Sunday, February 27, 2011

Shakespeare and anti-depression ads

http://www.bonkersinstitute.org/medshow/jackass.html

I can just hear my high school English teacher groaning at this ad for Cipramil, an anti-depressant that incorporates Shakespeare’s A Midsummer’s Dream into its ad. The man in the photo has the “head of an ass,” referencing the character of Tom Bottom from the play. “He got lost and fell asleep in the woods. Now he has the head of an ass and the queen of the fairies wants to marry him. The last thing he needs is more complications,” the ad states. Honestly, it took reading this a few times to understand what this was trying to say; probably because I’m too familiar with the Shakespeare play and was trying to figure out why, out of all the characters to pick from, they chose Bottom, who is possibly one of the least depressed and depressing characters from Shakespeare.

My offense at their lack of understanding towards English literature aside, the ad continues on: “Do you dream of an uncomplicated antidepressant? Chances are you're dreaming of Cipramil. It's effective, well tolerated and associated with a low risk of drug interactions. In other words, Cipramil helps to make treating depression or panic disorder less of a performance.” Oy, theater puns. Like Cipramil’s slogan, “Anti-depression not anti-patient,” this drug appeals to the simplicity of this treatment and the belief that it will not cause troubling side effects like other medications can (though reading about it on Wikipedia, it didn’t sound that much safer). The creators of this ad seem to present that curing depression is just s simple as taking a pill, and that all the drama the depressed victim is suffering now will be as gone as instantly as Bottom’s troubles at the end of Midsummer Night’s Dream. Troubling, considering that overcoming depression generally takes more than only medication.
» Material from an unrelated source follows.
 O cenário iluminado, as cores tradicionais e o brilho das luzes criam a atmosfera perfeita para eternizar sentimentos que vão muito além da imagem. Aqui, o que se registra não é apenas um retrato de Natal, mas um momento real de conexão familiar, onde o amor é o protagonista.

It’s interesting to me that the entire ad focuses on depression treatment, until the little blurb where panic disorder is added into the treatment options for Cipramil, as if panic disorder and depression were one and the same. In fact, using the man with the donkey head seems to reference anxiety more than depression, so it’s a bit weird that it’s not more prominently mentioned.
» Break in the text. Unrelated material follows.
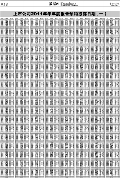 上市公司2011年半年度报告预约披露日期(一)

Of course, this ad makes a very basic assumption – that you will, in fact, know that the man with the donkey head refers to a play. This ad seems to be designed for a certain audience – one of a specific educational background, culture, and class. Yet I feel like the idea depression or anxiety has something to do with an ass-headed man could lead to some terrible miscommunications even among its target audience – or increase the stigma mental disorders have by associating a character in the midst of a freakish magical mishap with a depressed patient. Even understanding the reference doesn’t really help make much sense of this ad in my mind. It’s a rather strange strategy for trying to sell medication and makes me wonder how affective it was.